Items listed in a dataset:

****************

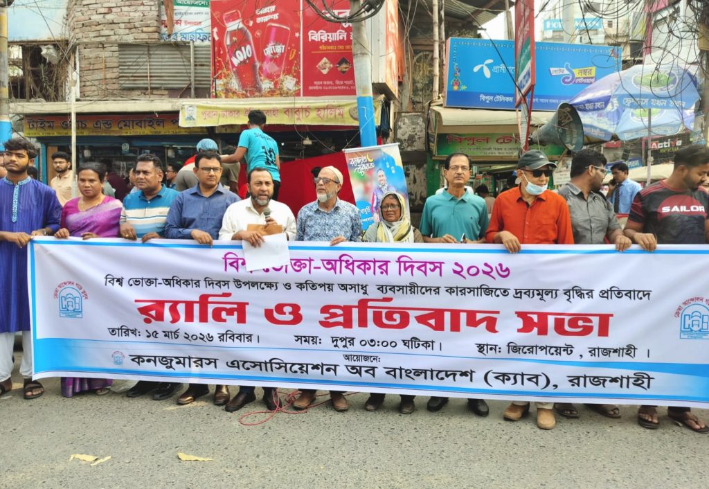 বিশ্ব ভোক্তা-অধিকার দিবস উপলক্ষে বাজারে অসাধু ব্যবসায়ীদের কারসাজিতে নিত্যপ্রয়োজনীয় পণ্যের অযৌক্তিক মূল্যবৃদ্ধির প্রতিবাদে রাজশাহীতে র্যালি ও প্রতিবাদ সভা অনুষ্ঠিত হয়েছে। রোববার (১৫ মার্চ) বিকেলে নগরীর জিরোপয়েন্টে কনজুমারস অ্যাসোসিয়েশন অব বাংলাদেশ (ক্যাব) রাজশাহী শাখার উদ্যোগে এ কর্মসূচি পালিত হয়। সভায় প্রধান অতিথি ছিলেন ক্যাব রাজশাহীর উপদেষ্টা ও দৈনিক সোনালী সংবাদ পত্রিকার সম্পাদক লিয়াকত আলী। সভাপতিত্ব করেন ক্যাব রাজশাহীর সহ-সভাপতি মিজানুর রহমান। মূল প্রবন্ধ উপস্থাপন করেন ক্যাব রাজশাহীর সাধারণ সম্পাদক গোলাম মোস্তফা মামুন।
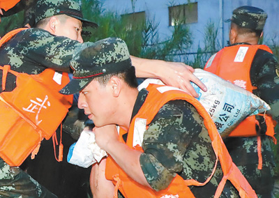 受持續強降雨影響,廣西賀州賀江水位急速上升,引發洪澇災害。圖為武警官兵搬運沙袋。張畢海攝(影像中國)
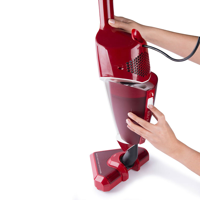 Štapni usisivač stoji uspravno i zauzima manje mesta nego velike baze sa crevom i cevima klasičnih usisivača. Možete ga držati iza vrata, u ormanu ili ostavi i čim Vam zatreba istog časa je spreman.
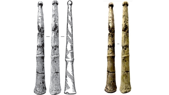 Продолговатый жезл из бивня мамонта с утолщением на конце и круглой головкой, найденный под Ачинском, был весь испещрен спиралевидным орнаментом из 1065 выемок. Как считают исследователи, выемки означают Луну в разных фазах – узор соответствует разным астрономическим периодам.
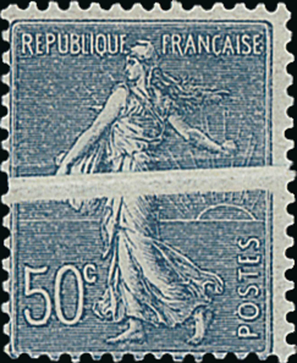 50c. blue, displaying a striking horizontal pre-printing paper fold (pli accordeon), unmounted mint; fine. Spink Maury 161l. Photo
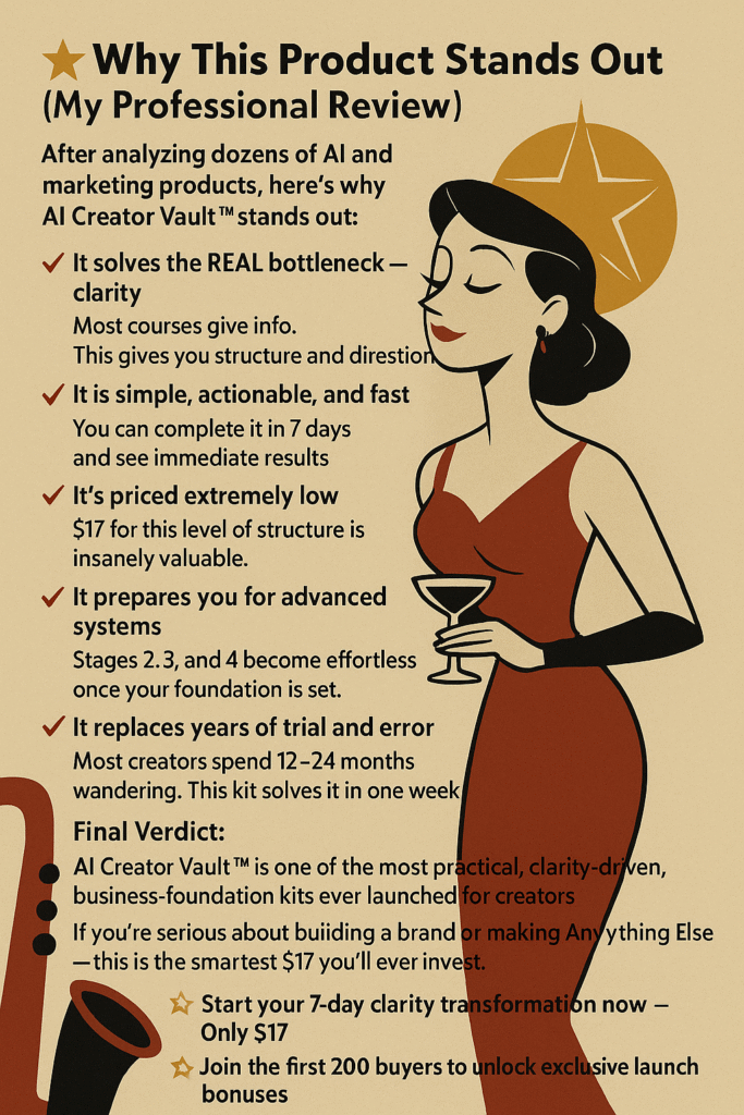 AI Creator Vault™ is one of the most practical, clarity-driven, business-foundation kits ever launched for creators.
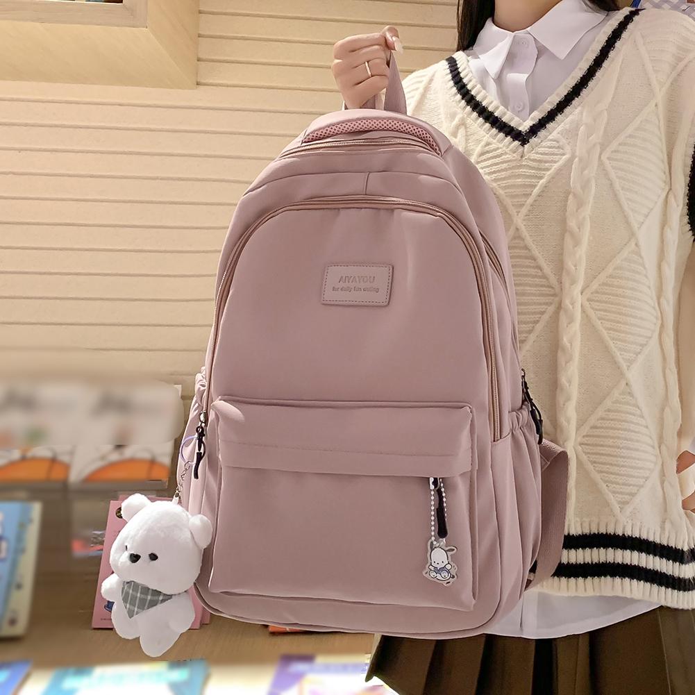 Student Schoolbag Large Capacity College Student Rucksack Nylon with Cute Pendant Simple Adjustable Strap for Outdoor Sport
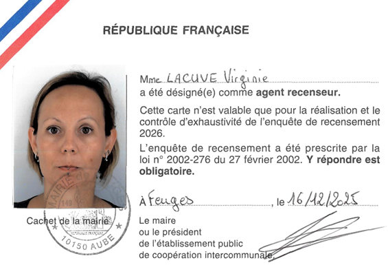 Merci de réserver votre meilleur accueil à Virginie LACUVE, qui circulera prochainement dans la commune dans le cadre du recensement de la population.
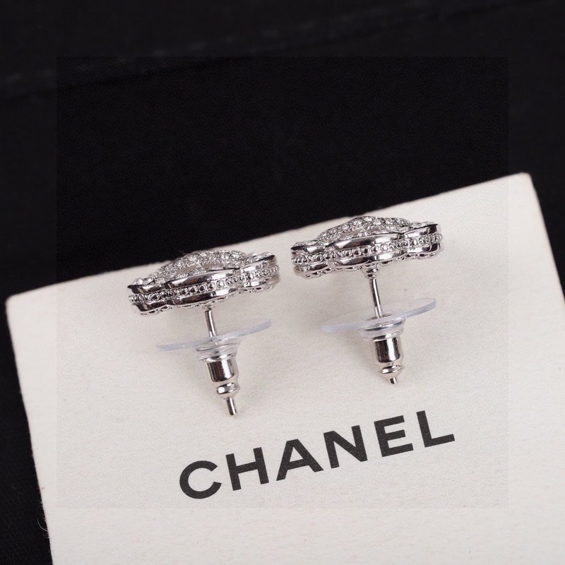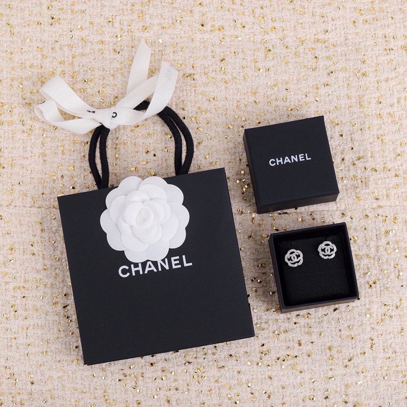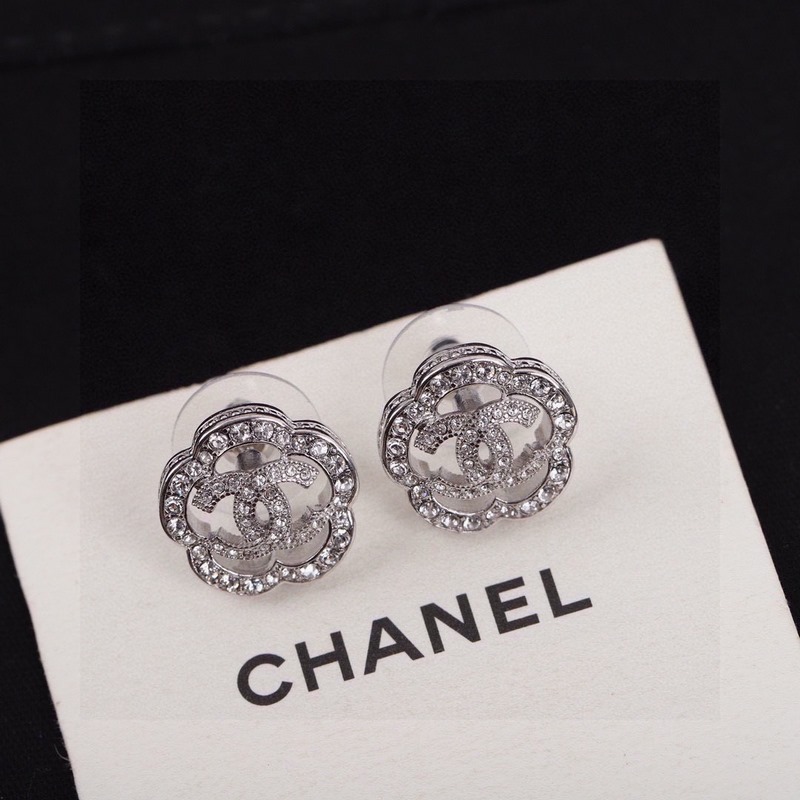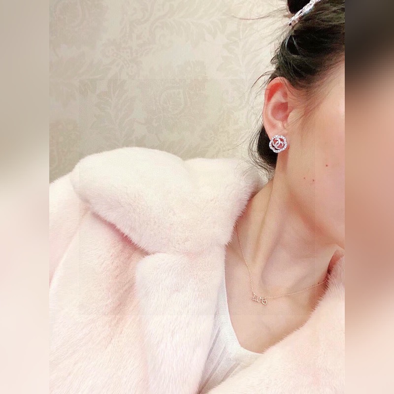 New spring and autumn series Chanel camellia earrings same material 925 silver needle high quality fairy all-match style
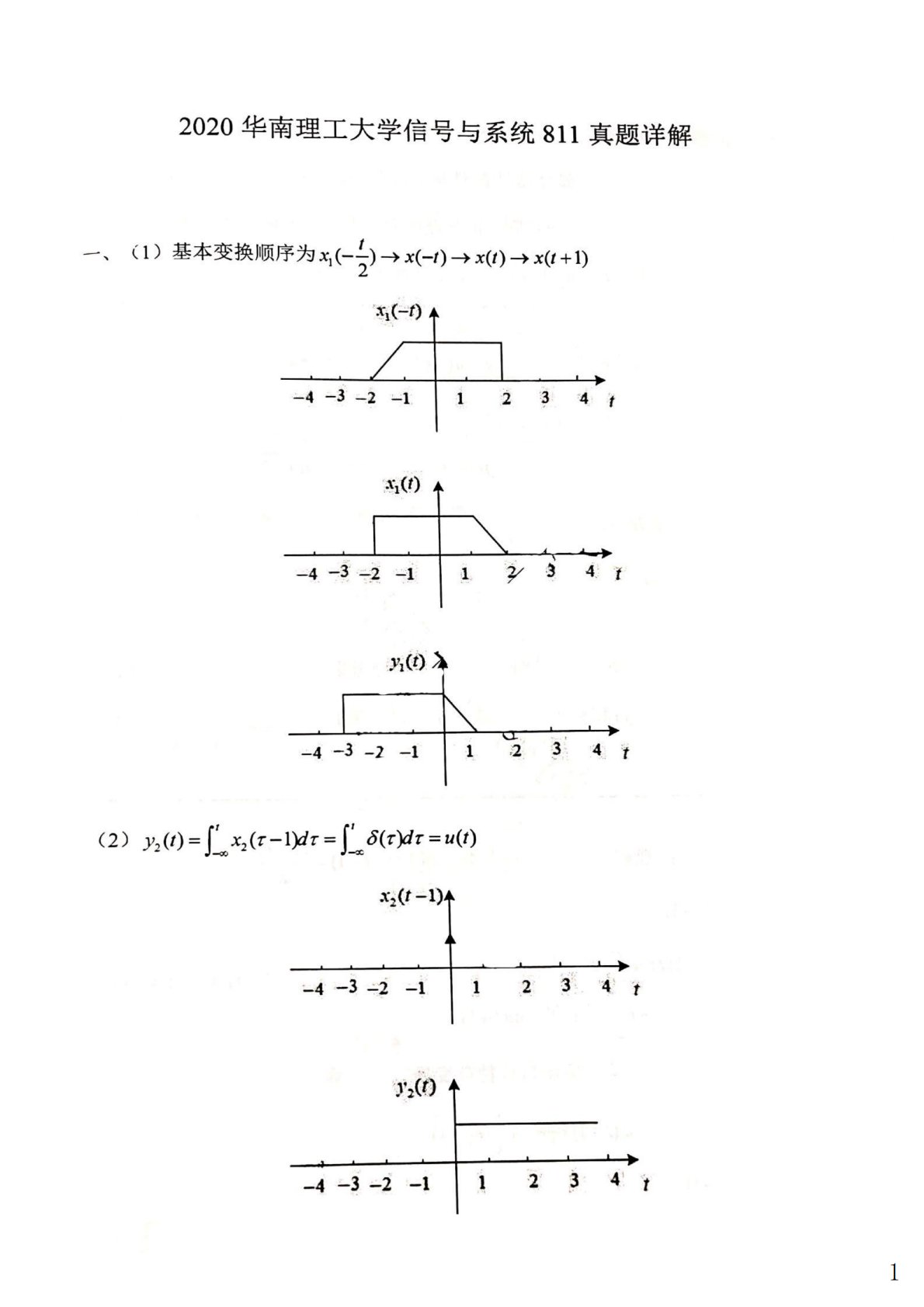 华南理工大学811信号与系统2020年真题答案
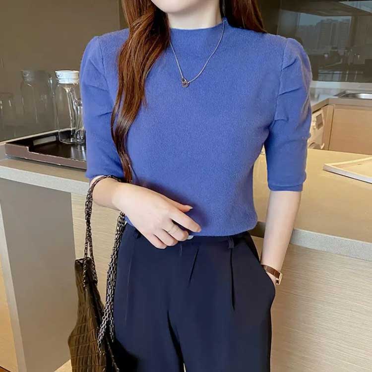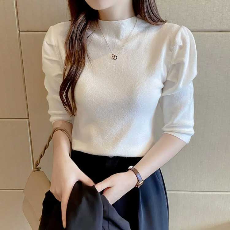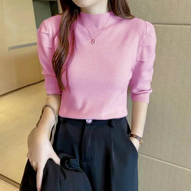 30代 パワーショルダー ハイネック レディース セーター パワショル ニット ニット 七分袖 カットソー 送料無料 ボリュームスリーブ プチハイネック ギャザーショルダー きれいめ カジュアル オフィス 20代 パフスリーブ
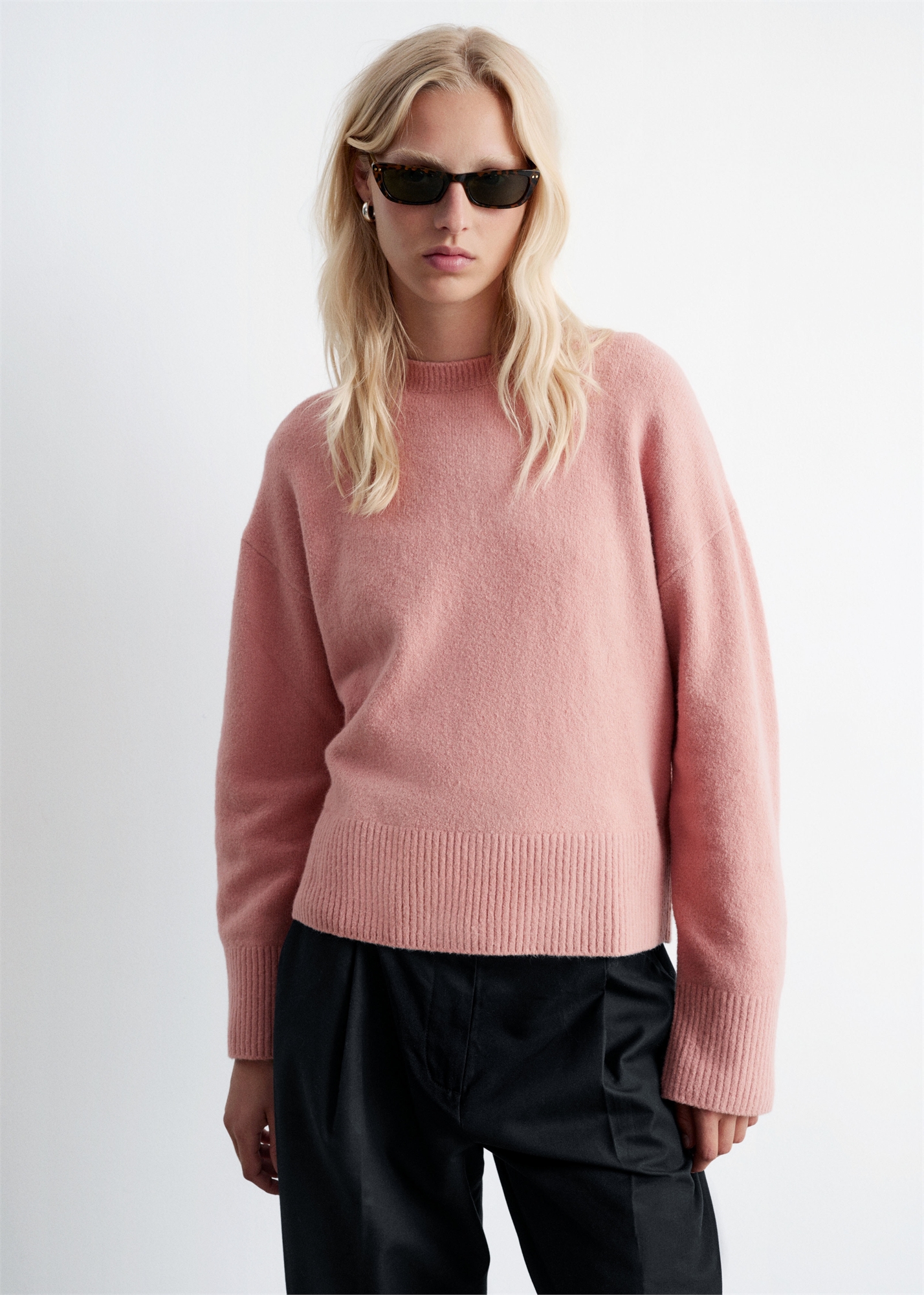 Трикотажный джемпер с длинными рукавами и непринужденным силуэтом. Окантован ребристым вырезом, манжетами и подолом Длина джемпера: 53 см / 20,9" (размер S)

****************

**PROBLEM TO WORK ON:** The result should be all the records, retyped exactly, with no pictures among them.

**RESULT FOR THIS TASK:**
 বিশ্ব ভোক্তা-অধিকার দিবস উপলক্ষে বাজারে অসাধু ব্যবসায়ীদের কারসাজিতে নিত্যপ্রয়োজনীয় পণ্যের অযৌক্তিক মূল্যবৃদ্ধির প্রতিবাদে রাজশাহীতে র্যালি ও প্রতিবাদ সভা অনুষ্ঠিত হয়েছে। রোববার (১৫ মার্চ) বিকেলে নগরীর জিরোপয়েন্টে কনজুমারস অ্যাসোসিয়েশন অব বাংলাদেশ (ক্যাব) রাজশাহী শাখার উদ্যোগে এ কর্মসূচি পালিত হয়। সভায় প্রধান অতিথি ছিলেন ক্যাব রাজশাহীর উপদেষ্টা ও দৈনিক সোনালী সংবাদ পত্রিকার সম্পাদক লিয়াকত আলী। সভাপতিত্ব করেন ক্যাব রাজশাহীর সহ-সভাপতি মিজানুর রহমান। মূল প্রবন্ধ উপস্থাপন করেন ক্যাব রাজশাহীর সাধারণ সম্পাদক গোলাম মোস্তফা মামুন।
 受持續強降雨影響,廣西賀州賀江水位急速上升,引發洪澇災害。圖為武警官兵搬運沙袋。張畢海攝(影像中國)
 Štapni usisivač stoji uspravno i zauzima manje mesta nego velike baze sa crevom i cevima klasičnih usisivača. Možete ga držati iza vrata, u ormanu ili ostavi i čim Vam zatreba istog časa je spreman.
 Продолговатый жезл из бивня мамонта с утолщением на конце и круглой головкой, найденный под Ачинском, был весь испещрен спиралевидным орнаментом из 1065 выемок. Как считают исследователи, выемки означают Луну в разных фазах – узор соответствует разным астрономическим периодам.
 50c. blue, displaying a striking horizontal pre-printing paper fold (pli accordeon), unmounted mint; fine. Spink Maury 161l. Photo
 AI Creator Vault™ is one of the most practical, clarity-driven, business-foundation kits ever launched for creators.
 Student Schoolbag Large Capacity College Student Rucksack Nylon with Cute Pendant Simple Adjustable Strap for Outdoor Sport
 Merci de réserver votre meilleur accueil à Virginie LACUVE, qui circulera prochainement dans la commune dans le cadre du recensement de la population.
 New spring and autumn series Chanel camellia earrings same material 925 silver needle high quality fairy all-match style
 华南理工大学811信号与系统2020年真题答案
 30代 パワーショルダー ハイネック レディース セーター パワショル ニット ニット 七分袖 カットソー 送料無料 ボリュームスリーブ プチハイネック ギャザーショルダー きれいめ カジュアル オフィス 20代 パフスリーブ
 Трикотажный джемпер с длинными рукавами и непринужденным силуэтом. Окантован ребристым вырезом, манжетами и подолом Длина джемпера: 53 см / 20,9" (размер S)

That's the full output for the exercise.